**Exercise**
Please reproduce the listing below exactly, leaving out every picture.

**Information provided**
============================================================

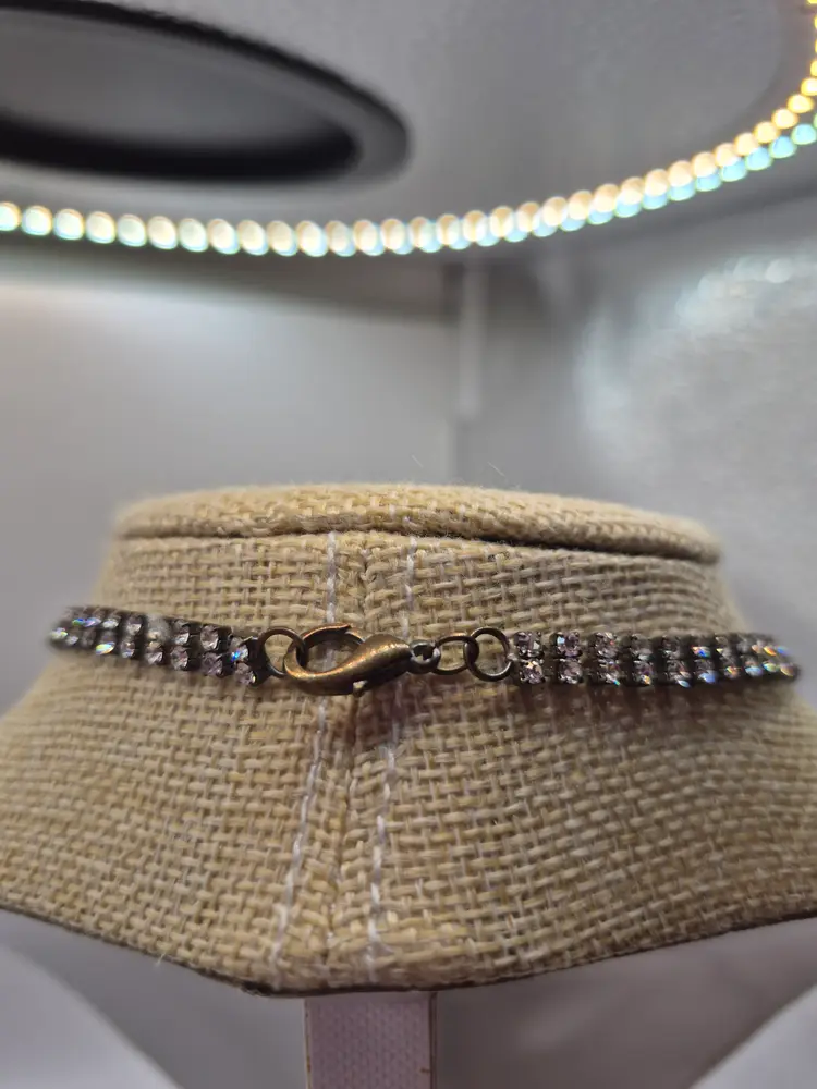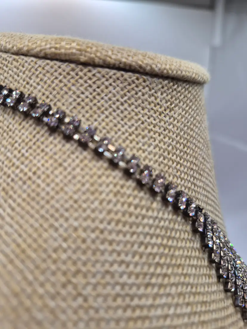 Vtg. Silvertone Tiny Rhinestones Fringe Bib Necklace 13"
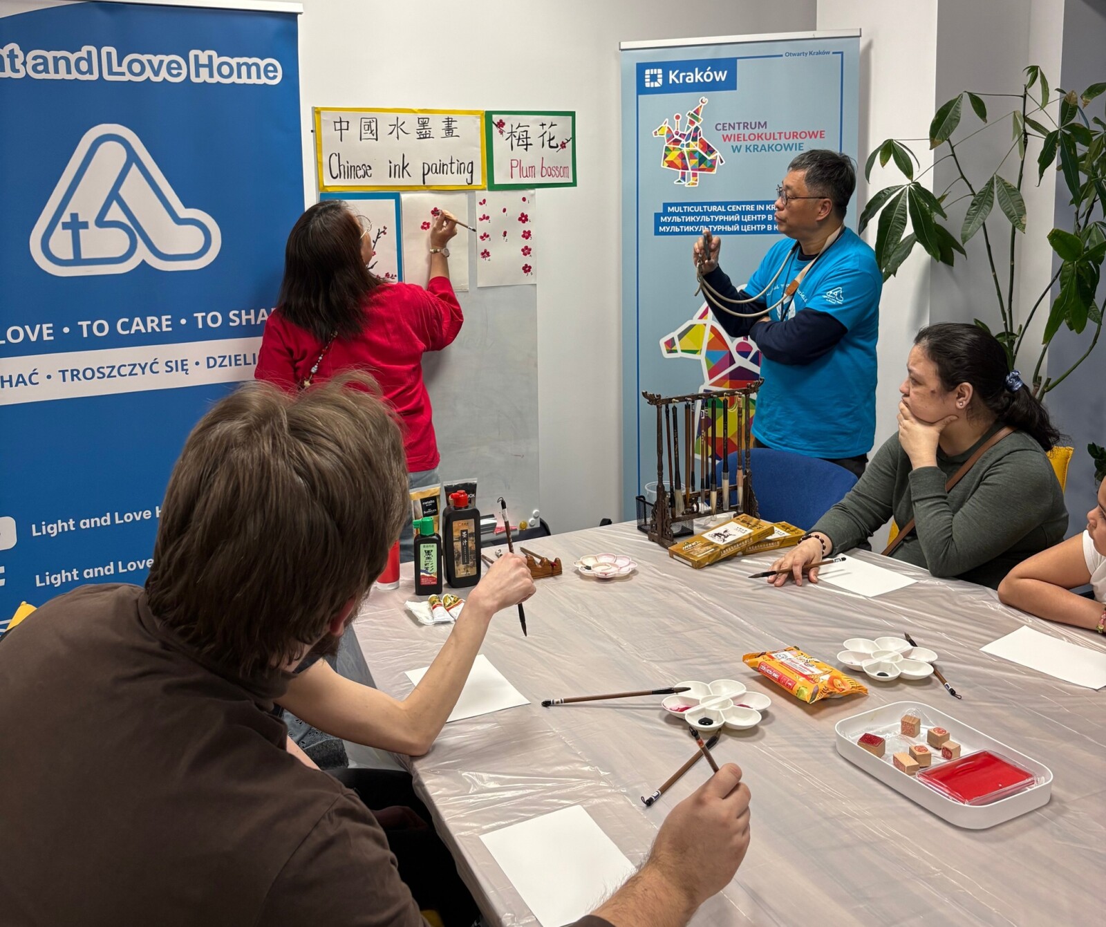 Po części informacyjnej przyszedł czas na wspólne świętowanie. Program wydarzenia wypełniły warsztaty i aktywności przygotowane przez społeczności współtworzące Centrum Wielokulturowe. Uczestnicy mogli wziąć udział w warsztatach akwareli prowadzonych przez zespół Klubu Ukraińskiego w Krakowie – Fundacji Zustricz, spróbować swoich sił w tradycyjnym chińskim malarstwie tuszem podczas zajęć przygotowanych przez Light and Love Home in Poland, a także poznać podstawowe ruchy indyjskiego tańca Lezim podczas warsztatów prowadzonych przez Dipikę Disale.
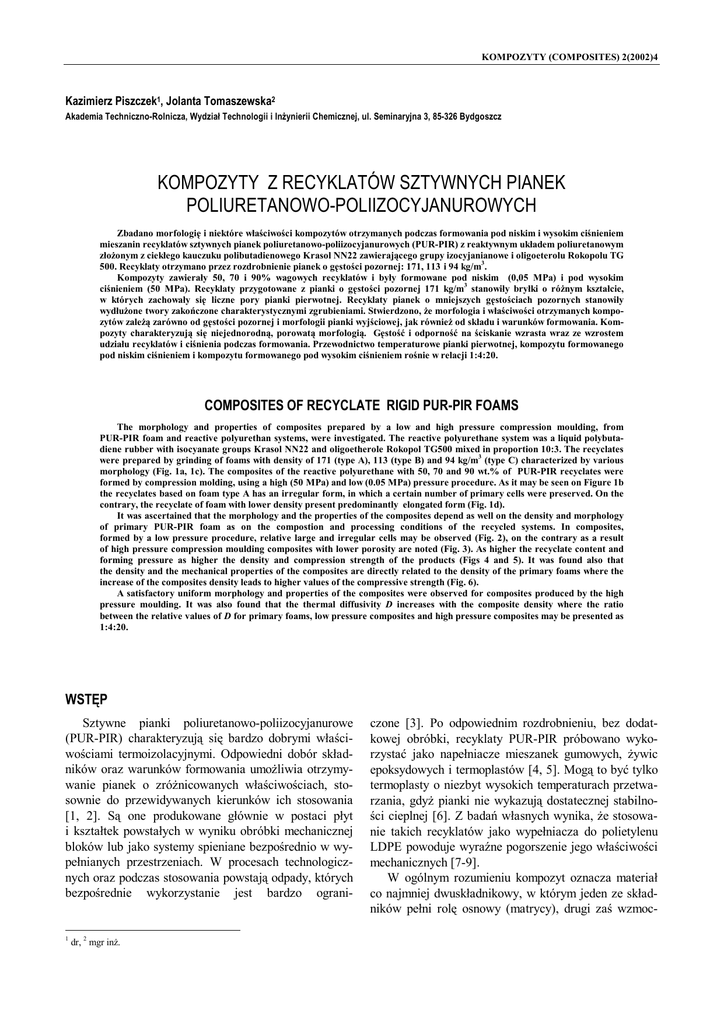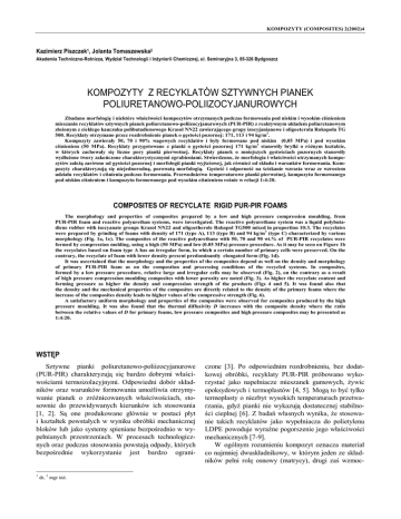 KOMPOZYTY (COMPOSITES) 2(2002)4 Kazimierz Piszczek1, Jolanta Tomaszewska2 Akademia Techniczno-Rolnicza, Wydział Technologii i Inżynierii Chemicznej, ul. Seminaryjna 3, 85-326 Bydgoszcz KOMPOZYTY Z RECYKLATÓW SZTYWNYCH PIANEK POLIURETANOWO-POLIIZOCYJANUROWYCH Zbadano morfologię i niektóre właściwości kompozytów otrzymanych podczas formowania pod niskim i wysokim ciśnieniem mieszanin recyklatów sztywnych pianek poliuretanowo-poliizocyjanurowych (PUR-PIR) z reaktywnym układem poliuretanowym złożonym z ciekłego kauczuku polibutadienowego Krasol NN22 zawierającego grupy izocyjanianowe i oligoeterolu Rokopolu TG 500. Recyklaty otrzymano przez rozdrobnienie pianek o gęstości pozornej: 171, 113 i 94 kg/m3. Kompozyty zawierały 50, 70 i 90% wagowych recyklatów i były formowane pod niskim (0,05 MPa) i pod wysokim ciśnieniem (50 MPa). Recyklaty przygotowane z pianki o gęstości pozornej 171 kg/m3 stanowiły bryłki o różnym kształcie, w których zachowały się liczne pory pianki pierwotnej. Recyklaty pianek o mniejszych gęstościach pozornych stanowiły wydłużone twory zakończone charakterystycznymi zgrubieniami. Stwierdzono, że morfologia i właściwości otrzymanych kompozytów zależą zarówno od gęstości pozornej i morfologii pianki wyjściowej, jak również od składu i warunków formowania. Kompozyty charakteryzują się niejednorodną, porowatą morfologią. Gęstość i odporność na ściskanie wzrasta wraz ze wzrostem udziału recyklatów i ciśnienia podczas formowania. Przewodnictwo temperaturowe pianki pierwotnej, kompozytu formowanego pod niskim ciśnieniem i kompozytu formowanego pod wysokim ciśnieniem rośnie w relacji 1:4:20. COMPOSITES OF RECYCLATE RIGID PUR-PIR FOAMS The morphology and properties of composites prepared by a low and high pressure compression moulding, from PUR-PIR foam and reactive polyurethan systems, were investigated. The reactive polyurethane system was a liquid polybutadiene rubber with isocyanate groups Krasol NN22 and oligoetherole Rokopol TG500 mixed in proportion 10:3. The recyclates were prepared by grinding of foams with density of 171 (type A), 113 (type B) and 94 kg/m3 (type C) characterized by various morphology (Fig. 1a, 1c). The composites of the reactive polyurethane with 50, 70 and 90 wt.% of PUR-PIR recyclates were formed by compression molding, using a high (50 MPa) and low (0.05 MPa) pressure procedure. As it may be seen on Figure 1b the recyclates based on foam type A has an irregular form, in which a certain number of primary cells were preserved. On the contrary, the recyclate of foam with lower density present predominantly elongated form (Fig. 1d). It was ascertained that the morphology and the properties of the composites depend as well on the density and morphology of primary PUR-PIR foam as on the compostion and processing conditions of the recycled systems. In composites, formed by a low pressure procedure, relative large and irregular cells may be observed (Fig. 2), on the contrary as a result of high pressure compression moulding composites with lower porosity are noted (Fig. 3). As higher the recyclate content and forming pressure as higher the density and compression strength of the products (Figs 4 and 5). It was found also that the density and the mechanical properties of the composites are directly related to the density of the primary foams where the increase of the composites density leads to higher values of the compressive strength (Fig. 6). A satisfactory uniform morphology and properties of the composites were observed for composites produced by the high pressure moulding. It was also found that the thermal diffusivity D increases with the composite density where the ratio between the relative values of D for primary foams, low pressure composites and high pressure composites may be presented as 1:4:20. WSTĘP Sztywne pianki poliuretanowo-poliizocyjanurowe (PUR-PIR) charakteryzują się bardzo dobrymi właściwościami termoizolacyjnymi. Odpowiedni dobór składników oraz warunków formowania umożliwia otrzymywanie pianek o zróżnicowanych właściwościach, stosownie do przewidywanych kierunków ich stosowania [1, 2]. Są one produkowane głównie w postaci płyt i kształtek powstałych w wyniku obróbki mechanicznej bloków lub jako systemy spieniane bezpośrednio w wypełnianych przestrzeniach. W procesach technologicznych oraz podczas stosowania powstają odpady, których bezpośrednie wykorzystanie jest bardzo ograni- 1 dr, 2 mgr inż. czone [3]. Po odpowiednim rozdrobnieniu, bez dodatkowej obróbki, recyklaty PUR-PIR próbowano wykorzystać jako napełniacze mieszanek gumowych, żywic epoksydowych i termoplastów [4, 5]. Mogą to być tylko termoplasty o niezbyt wysokich temperaturach przetwarzania, gdyż pianki nie wykazują dostatecznej stabilności cieplnej [6]. Z badań własnych wynika, że stosowanie takich recyklatów jako wypełniacza do polietylenu LDPE powoduje wyraźne pogorszenie jego właściwości mechanicznych [7-9]. W ogólnym rozumieniu kompozyt oznacza materiał co najmniej dwuskładnikowy, w którym jeden ze składników pełni rolę osnowy (matrycy), drugi zaś wzmoc- Kompozyty z recyklatów sztywnych pianek poliuretanowo-poliizocyjanurowych nienia [10, 11]. Składnika tworzącego wzmocnienie nie można w zasadzie stosować samodzielnie. Dopiero po jego umiejętnym połączeniu z drugim składnikiem razem tworzą materiał o określonych właściwościach. W przypadku recyklatów sztywnych pianek PUR-PIR trudno oczekiwać efektu wzmocnienia, jednak ich połączenie z innym polimerem może doprowadzić do utworzenia materiału o korzystnych właściwościach. Stosunkowo duże koszty wytwarzania pianek PUR-PIR oraz duża objętość odpadów przy ich niewielkiej gęstości powodują, że najgorszym sposobem utylizacji jest ich składowanie. Uwzględniając powyższe argumenty podjęto badania nad wykorzystaniem rozdrobnionych odpadów sztywnych pianek PUR-PIR

============================================================

**Reply to the exercise**
 Vtg. Silvertone Tiny Rhinestones Fringe Bib Necklace 13"
 Po części informacyjnej przyszedł czas na wspólne świętowanie. Program wydarzenia wypełniły warsztaty i aktywności przygotowane przez społeczności współtworzące Centrum Wielokulturowe. Uczestnicy mogli wziąć udział w warsztatach akwareli prowadzonych przez zespół Klubu Ukraińskiego w Krakowie – Fundacji Zustricz, spróbować swoich sił w tradycyjnym chińskim malarstwie tuszem podczas zajęć przygotowanych przez Light and Love Home in Poland, a także poznać podstawowe ruchy indyjskiego tańca Lezim podczas warsztatów prowadzonych przez Dipikę Disale.
 KOMPOZYTY (COMPOSITES) 2(2002)4 Kazimierz Piszczek1, Jolanta Tomaszewska2 Akademia Techniczno-Rolnicza, Wydział Technologii i Inżynierii Chemicznej, ul. Seminaryjna 3, 85-326 Bydgoszcz KOMPOZYTY Z RECYKLATÓW SZTYWNYCH PIANEK POLIURETANOWO-POLIIZOCYJANUROWYCH Zbadano morfologię i niektóre właściwości kompozytów otrzymanych podczas formowania pod niskim i wysokim ciśnieniem mieszanin recyklatów sztywnych pianek poliuretanowo-poliizocyjanurowych (PUR-PIR) z reaktywnym układem poliuretanowym złożonym z ciekłego kauczuku polibutadienowego Krasol NN22 zawierającego grupy izocyjanianowe i oligoeterolu Rokopolu TG 500. Recyklaty otrzymano przez rozdrobnienie pianek o gęstości pozornej: 171, 113 i 94 kg/m3. Kompozyty zawierały 50, 70 i 90% wagowych recyklatów i były formowane pod niskim (0,05 MPa) i pod wysokim ciśnieniem (50 MPa). Recyklaty przygotowane z pianki o gęstości pozornej 171 kg/m3 stanowiły bryłki o różnym kształcie, w których zachowały się liczne pory pianki pierwotnej. Recyklaty pianek o mniejszych gęstościach pozornych stanowiły wydłużone twory zakończone charakterystycznymi zgrubieniami. Stwierdzono, że morfologia i właściwości otrzymanych kompozytów zależą zarówno od gęstości pozornej i morfologii pianki wyjściowej, jak również od składu i warunków formowania. Kompozyty charakteryzują się niejednorodną, porowatą morfologią. Gęstość i odporność na ściskanie wzrasta wraz ze wzrostem udziału recyklatów i ciśnienia podczas formowania. Przewodnictwo temperaturowe pianki pierwotnej, kompozytu formowanego pod niskim ciśnieniem i kompozytu formowanego pod wysokim ciśnieniem rośnie w relacji 1:4:20. COMPOSITES OF RECYCLATE RIGID PUR-PIR FOAMS The morphology and properties of composites prepared by a low and high pressure compression moulding, from PUR-PIR foam and reactive polyurethan systems, were investigated. The reactive polyurethane system was a liquid polybutadiene rubber with isocyanate groups Krasol NN22 and oligoetherole Rokopol TG500 mixed in proportion 10:3. The recyclates were prepared by grinding of foams with density of 171 (type A), 113 (type B) and 94 kg/m3 (type C) characterized by various morphology (Fig. 1a, 1c). The composites of the reactive polyurethane with 50, 70 and 90 wt.% of PUR-PIR recyclates were formed by compression molding, using a high (50 MPa) and low (0.05 MPa) pressure procedure. As it may be seen on Figure 1b the recyclates based on foam type A has an irregular form, in which a certain number of primary cells were preserved. On the contrary, the recyclate of foam with lower density present predominantly elongated form (Fig. 1d). It was ascertained that the morphology and the properties of the composites depend as well on the density and morphology of primary PUR-PIR foam as on the compostion and processing conditions of the recycled systems. In composites, formed by a low pressure procedure, relative large and irregular cells may be observed (Fig. 2), on the contrary as a result of high pressure compression moulding composites with lower porosity are noted (Fig. 3). As higher the recyclate content and forming pressure as higher the density and compression strength of the products (Figs 4 and 5). It was found also that the density and the mechanical properties of the composites are directly related to the density of the primary foams where the increase of the composites density leads to higher values of the compressive strength (Fig. 6). A satisfactory uniform morphology and properties of the composites were observed for composites produced by the high pressure moulding. It was also found that the thermal diffusivity D increases with the composite density where the ratio between the relative values of D for primary foams, low pressure composites and high pressure composites may be presented as 1:4:20. WSTĘP Sztywne pianki poliuretanowo-poliizocyjanurowe (PUR-PIR) charakteryzują się bardzo dobrymi właściwościami termoizolacyjnymi. Odpowiedni dobór składników oraz warunków formowania umożliwia otrzymywanie pianek o zróżnicowanych właściwościach, stosownie do przewidywanych kierunków ich stosowania [1, 2]. Są one produkowane głównie w postaci płyt i kształtek powstałych w wyniku obróbki mechanicznej bloków lub jako systemy spieniane bezpośrednio w wypełnianych przestrzeniach. W procesach technologicznych oraz podczas stosowania powstają odpady, których bezpośrednie wykorzystanie jest bardzo ograni- 1 dr, 2 mgr inż. czone [3]. Po odpowiednim rozdrobnieniu, bez dodatkowej obróbki, recyklaty PUR-PIR próbowano wykorzystać jako napełniacze mieszanek gumowych, żywic epoksydowych i termoplastów [4, 5]. Mogą to być tylko termoplasty o niezbyt wysokich temperaturach przetwarzania, gdyż pianki nie wykazują dostatecznej stabilności cieplnej [6]. Z badań własnych wynika, że stosowanie takich recyklatów jako wypełniacza do polietylenu LDPE powoduje wyraźne pogorszenie jego właściwości mechanicznych [7-9]. W ogólnym rozumieniu kompozyt oznacza materiał co najmniej dwuskładnikowy, w którym jeden ze składników pełni rolę osnowy (matrycy), drugi zaś wzmoc- Kompozyty z recyklatów sztywnych pianek poliuretanowo-poliizocyjanurowych nienia [10, 11]. Składnika tworzącego wzmocnienie nie można w zasadzie stosować samodzielnie. Dopiero po jego umiejętnym połączeniu z drugim składnikiem razem tworzą materiał o określonych właściwościach. W przypadku recyklatów sztywnych pianek PUR-PIR trudno oczekiwać efektu wzmocnienia, jednak ich połączenie z innym polimerem może doprowadzić do utworzenia materiału o korzystnych właściwościach. Stosunkowo duże koszty wytwarzania pianek PUR-PIR oraz duża objętość odpadów przy ich niewielkiej gęstości powodują, że najgorszym sposobem utylizacji jest ich składowanie. Uwzględniając powyższe argumenty podjęto badania nad wykorzystaniem rozdrobnionych odpadów sztywnych pianek PUR-PIR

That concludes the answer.